> Data extract:
--- --- ---

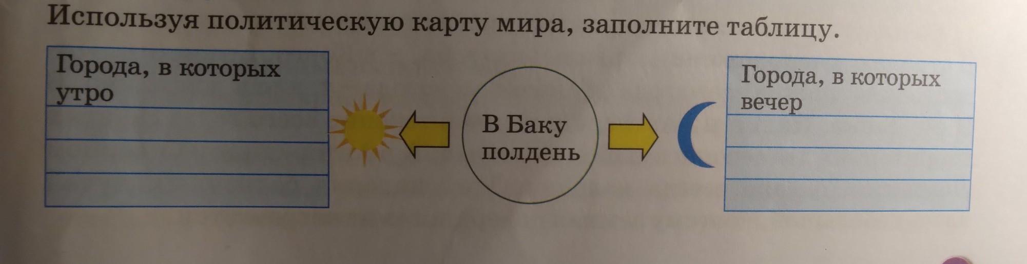 Уточнение: Конечно, эти города находятся в разных часовых поясах, и время суток может быть разным, но если предположить, что все эти города находятся в своих стандартных часовых поясах, то это будут города, где утро или вечер, когда в Баку полдень.
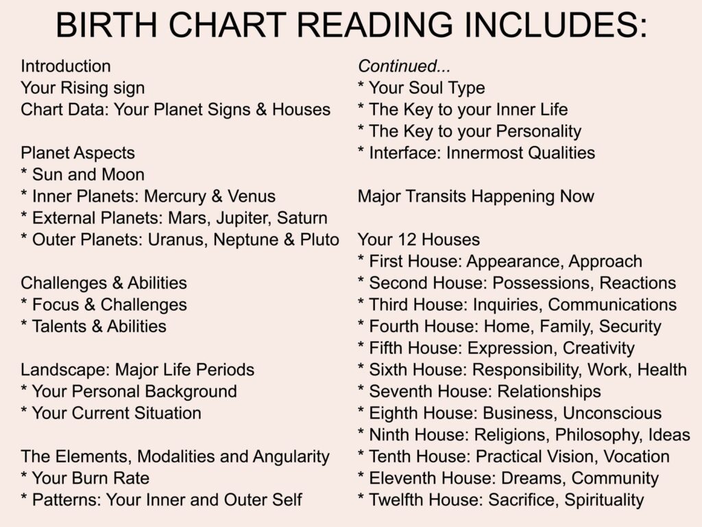 YOUR ASTROLOGY BIRTH CHART READING INCLUDES:
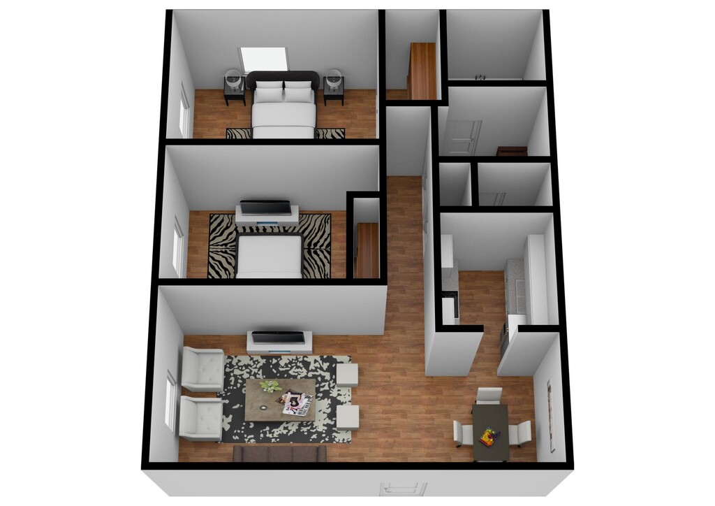 Apartment Model: 2BR 1BA$1,1992 Bedroom, 1 Bath, 1050 sq ftAvailable Now![]() - 2BR 1BA - Floorplan 1

--- --- ---

> Your task: Exactly as given, transcribe every line of the data, but not its images.

> Exercise response:
 Уточнение: Конечно, эти города находятся в разных часовых поясах, и время суток может быть разным, но если предположить, что все эти города находятся в своих стандартных часовых поясах, то это будут города, где утро или вечер, когда в Баку полдень.
 YOUR ASTROLOGY BIRTH CHART READING INCLUDES:
 Apartment Model: 2BR 1BA$1,1992 Bedroom, 1 Bath, 1050 sq ftAvailable Now![]() - 2BR 1BA - Floorplan 1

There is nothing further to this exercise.